Sound and fury worthy of a network TV shoot was unleashed Thursday night along the Delaware River in Port Richmond for NBC's reality competition American Warrior Ninja. The show was taped in Philadelphia for the first time since it premiered in 2009.
Thursday's event featured 130 contestants and was the first of a two-night shoot that will yield oodles of footage for the eight season premiere on June 1.
American Ninja Warrior may not be as sadistic as its precursor - the Japanese show Sasuke, Ninja - but it's a rigorous contest. Only one person, last season's Isaac Caldiero, has ever won the $1,000,000 grand prize.

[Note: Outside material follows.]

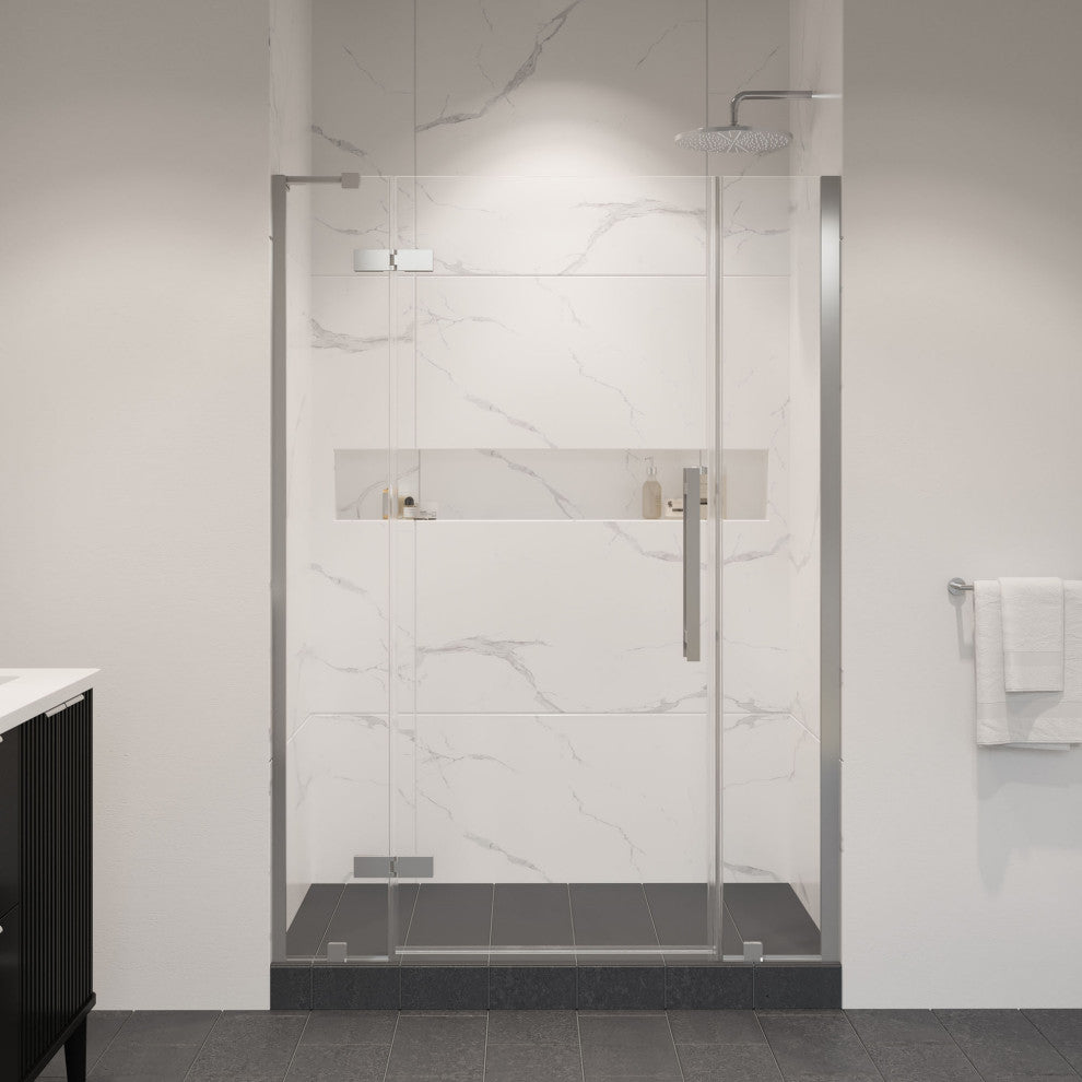 Tampa frameless hinge shower door: 51 11/16 to 54 1/16 in. Width x 11/16 in. Depth x 72 in. Height

Thursday's event featured about a dozen contestants from the region, including one of Ninja's most experienced and beloved regulars, Jamie Rahn, who teaches parkour at his Cherry Hill gym.
He's been on the show for the past six seasons.
"I do it for the challenge," said the 28-year-old whose dayglo green spiked hair and intricate four-color tattoos has helped make him a popular attraction.
"My goal has always been to try to understand what my body can accomplish, see what I am capable of doing."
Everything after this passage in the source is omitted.